Everything runs in readonly transactions, identifiers escaped via Postgres's quote_ident(), no extensions required. Works on any Postgres 12+ (self-hosted, RDS, Aurora, etc.). Two dependencies: asyncpg and mcp.

https://github.com/janbjorge/pglens

pip install pglen


Read-only by design is a smart constraint for agent tooling — eliminates a whole class of "oops the LLM dropped my table" failure modes. Curious about a couple things: how do you handle schema introspection? Do the tools auto-discover tables/columns or is there a config step? And for the query tools, is there any cost/complexity guardrail (e.g. preventing a full sequential scan on a 500M row table)?


No config step, the tools discover everything from pg_catalog at call time. list_schemas → list_tables → describe_table is the typical agent workflow, and there's a query_guide prompt baked in that suggests that progression.

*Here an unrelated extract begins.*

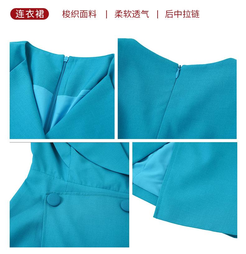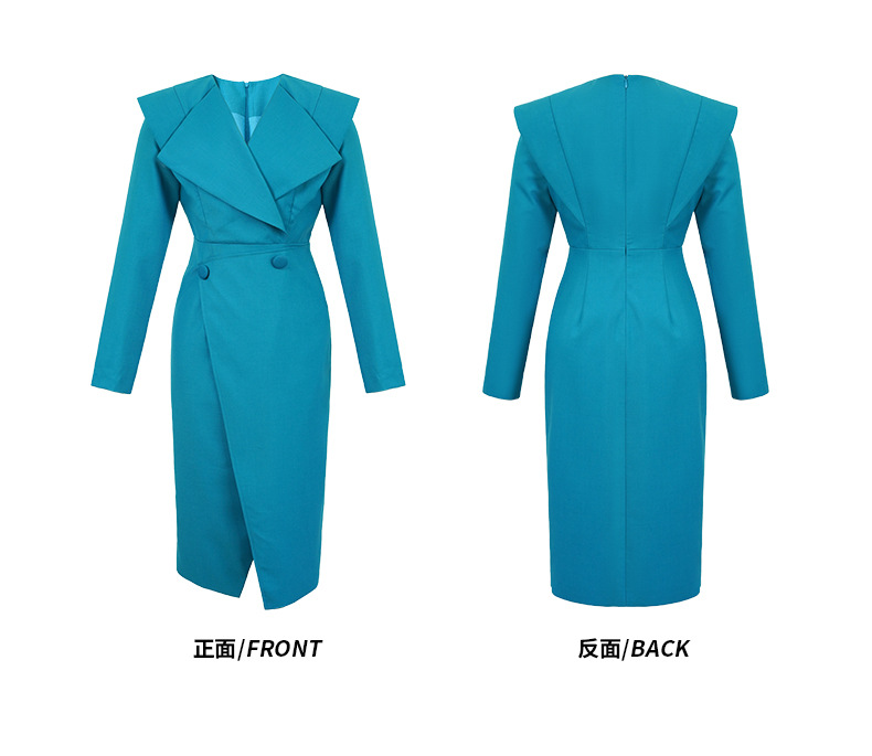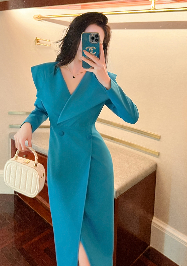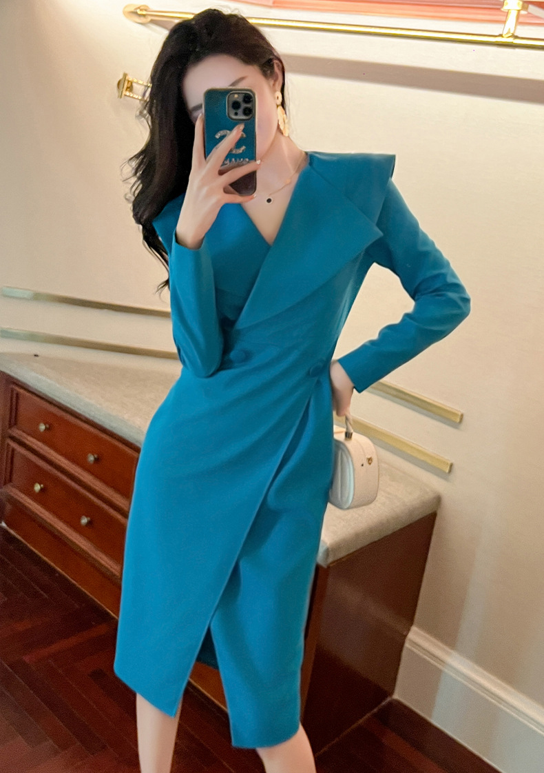 C-2842# 2023秋冬装新款女通勤气质方领收腰开叉蓝色长袖连衣裙修身50492

On query guardrails: every query runs in a readonly transaction and results are capped at 500 rows via a wrapping SELECT * FROM (...) sub LIMIT 500. There's also explain_query which returns the plan without executing, so agents can check before running something expensive. That said, there's no cost-based gate that blocks a bad plan automatically; that's an interesting idea worth exploring.


The column_values tool solves a surprisingly annoying problem. Agents confidently writing WHERE status = 'active' when the real value is 'ACTIVE' or 'enabled' causes a lot of unnecessary back-and-forth. Nice that it's addressed explicitly.


This is really nicely, read only is the right way to start


Thanks! Read-only felt like the obvious constraint; agents shouldn't need write access to understand a database.


[flagged]


I don't know why but all your comments are getting hidden/flagged/killed for some reason.